> INSTRUCTIONS FOR THE TASK: Would you copy the lines below exactly and omit the images?

#####

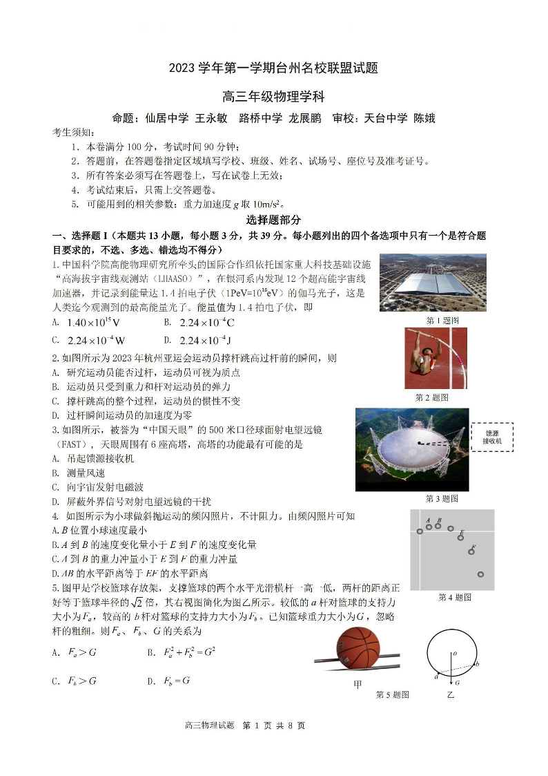 浙江省台州名校联盟2023-2024学年高三上学期联考 物理
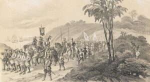 Así como se adornaba a las aves con sus plumas para presentarlas a los comensales de un banquete, un cocinero experto y bastante ogro habría vestido las testas con sus mejor acondicionadas pelucas. No les faltaba más que una orla de hojas de lechuga o de rábanos abiertos en flor de lis. Por lo demás, los potes de espuma arábiga, las botellas de agua de lavanda y las cajas de polvos de arroz, vecinas de las cazuelas de mondongo y de las bandejas de riñones, completaban, con singulares coincidencias de frascos y recipientes, aquel cuadro de un abominable convite. Había abundancia de cabezas aquella mañana, ya que, al lado de la tripería, el librero había colgado de un alambre, con grapas de lavandera, las últimas estampas recibidas de París. En cuatro de ellas, por lo menos, ostentábase el rostro del rey de Francia, en marco de soles, espadas y laureles. Pero había otras muchas cabezas empelucadas, que eran probablemente las de altos personajes de la Corte.
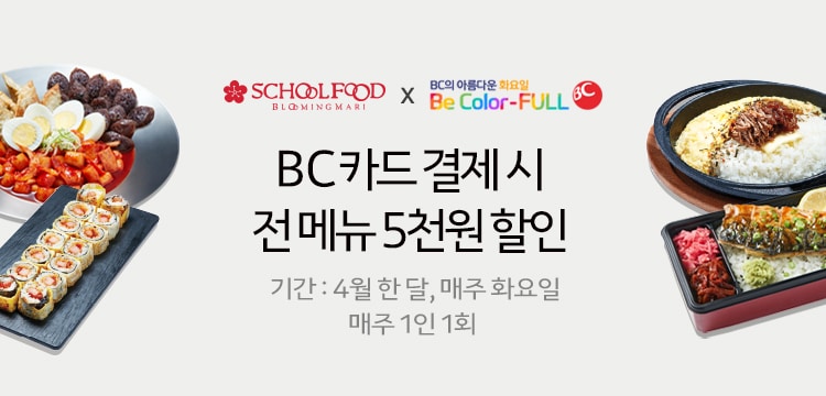이번 프로모션은 카카오톡 주문하기를 통해 스쿨푸드를 주문하는 고객 중 BC카드로 결제하는 고객을 대상으로 진행된다. 대상자에게는 계정 당 1일 1회에 한해 스쿨푸드 전 메뉴에 적용 가능한 5,000원 할인 쿠폰이 제공된다.
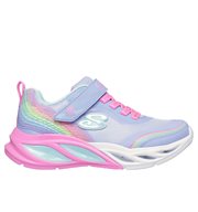 Step into a world of color and comfort wearing Skechers S-Lights®: Cosmic Glow - Rainbow Dream. This light-up Skechers adaptive closure design features a sparkle mesh upper with a 3D rainbow print, fixed stretch laces, a hook-and-loop instep strap, and a well-cushioned midsole with step-activated lights.
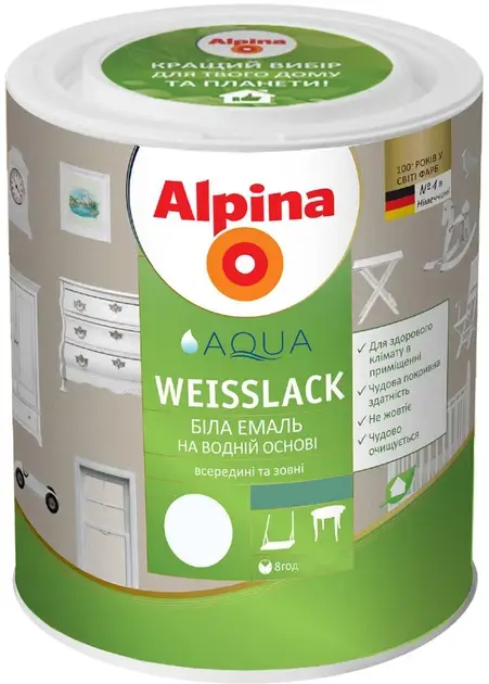 Емаль акрилова ALPINA AQUA WEISSLACK УКРАЇНА універсальна глянцева біла - база B1 0,75 л

#####

> SOLVED PROBLEM:
 浙江省台州名校联盟2023-2024学年高三上学期联考 物理
 Así como se adornaba a las aves con sus plumas para presentarlas a los comensales de un banquete, un cocinero experto y bastante ogro habría vestido las testas con sus mejor acondicionadas pelucas. No les faltaba más que una orla de hojas de lechuga o de rábanos abiertos en flor de lis. Por lo demás, los potes de espuma arábiga, las botellas de agua de lavanda y las cajas de polvos de arroz, vecinas de las cazuelas de mondongo y de las bandejas de riñones, completaban, con singulares coincidencias de frascos y recipientes, aquel cuadro de un abominable convite. Había abundancia de cabezas aquella mañana, ya que, al lado de la tripería, el librero había colgado de un alambre, con grapas de lavandera, las últimas estampas recibidas de París. En cuatro de ellas, por lo menos, ostentábase el rostro del rey de Francia, en marco de soles, espadas y laureles. Pero había otras muchas cabezas empelucadas, que eran probablemente las de altos personajes de la Corte.
이번 프로모션은 카카오톡 주문하기를 통해 스쿨푸드를 주문하는 고객 중 BC카드로 결제하는 고객을 대상으로 진행된다. 대상자에게는 계정 당 1일 1회에 한해 스쿨푸드 전 메뉴에 적용 가능한 5,000원 할인 쿠폰이 제공된다.
 Step into a world of color and comfort wearing Skechers S-Lights®: Cosmic Glow - Rainbow Dream. This light-up Skechers adaptive closure design features a sparkle mesh upper with a 3D rainbow print, fixed stretch laces, a hook-and-loop instep strap, and a well-cushioned midsole with step-activated lights.
 Емаль акрилова ALPINA AQUA WEISSLACK УКРАЇНА універсальна глянцева біла - база B1 0,75 л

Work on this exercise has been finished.